[SERVER-32837] Run jepsen with 2 nodes and an arbiter on branches and storage engines that don't support recoverable rollback Created: 22/Jan/18 Updated: 06/Dec/22 Resolved: 05/Nov/21 |
|
| Status: | Closed |
| Project: | Core Server |
| Component/s: | Replication, Testing Infrastructure |
| Affects Version/s: | None |
| Fix Version/s: | None |
| Type: | Improvement | Priority: | Major - P3 |
| Reporter: | Judah Schvimer | Assignee: | Backlog - Server Tooling and Methods (STM) (Inactive) |
| Resolution: | Won't Fix | Votes: | 0 |
| Labels: | stm, tig-jepsen | ||
| Remaining Estimate: | Not Specified | ||
| Time Spent: | Not Specified | ||
| Original Estimate: | Not Specified | ||
| Assigned Teams: |
Server Tooling & Methods
|
| Participants: |
| Description |
|
This should eliminate the case of two nodes both going into rollback. |
| Comments |
| Comment by Max Hirschhorn [ 04/Jun/18 ] |
|
judah.schvimer, spencer, based on this JQL it doesn't seem like there have been many additional failures on the 3.4 or 3.6 branches that would require the changes from PM-842 to address.

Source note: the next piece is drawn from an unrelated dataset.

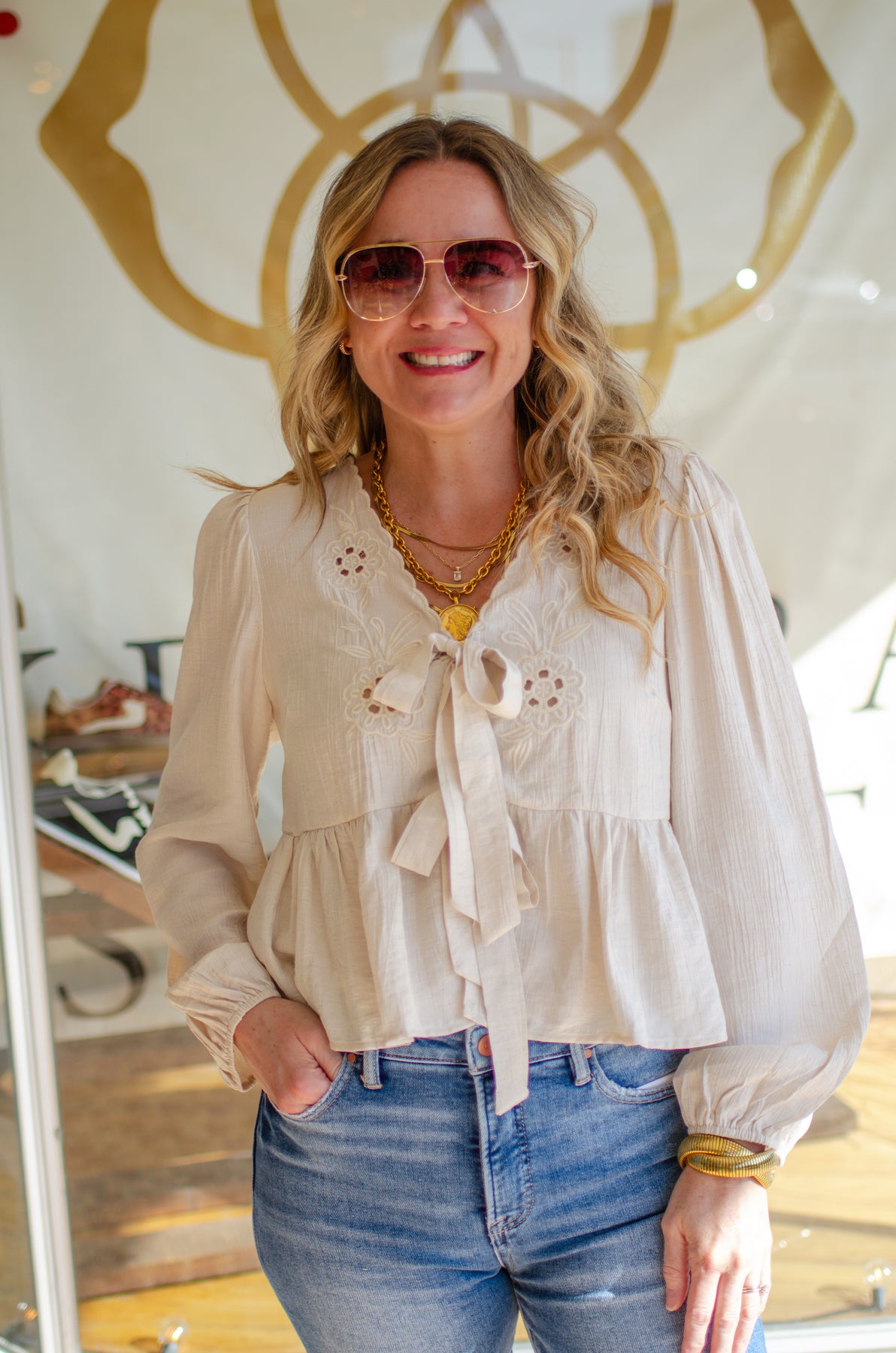 Surrender to effortless elegance with this charming beige long sleeve top. Delicate eyelet crochet detailing and a flirty tie front create an instantly romantic vibe, while the bubble sleeves add a playful twist. The ruffled hem brings movement and dimension to every step. Perfect for date night, brunch, or whenever you want to feel undeniably sweet. Pair with your favorite jeans or a flowing skirt for a look that's equal parts sophisticated and fun.

I'm inclined to just let this SERVER ticket sit on the backlog as BF-5658 isn't causing a lot of pain and we aren't sure that using an arbiter provides the same guarantees. |
| Comment by Spencer Brody (Inactive) [ 22/Jan/18 ] |
|
Hmm... I suspect this may cause other issues with jepsen, as PSA sets don't have the same liveness guarantees that PSS sets do. For instance if jepsen takes down a secondary, it may then try to do a w:majority write that will time out. With PSS you know that if you have a primary you can satisfy w:majority writes, with PSA you don't get that guarantee. I suspect jepsen may rely on that guarantee in order to pass. |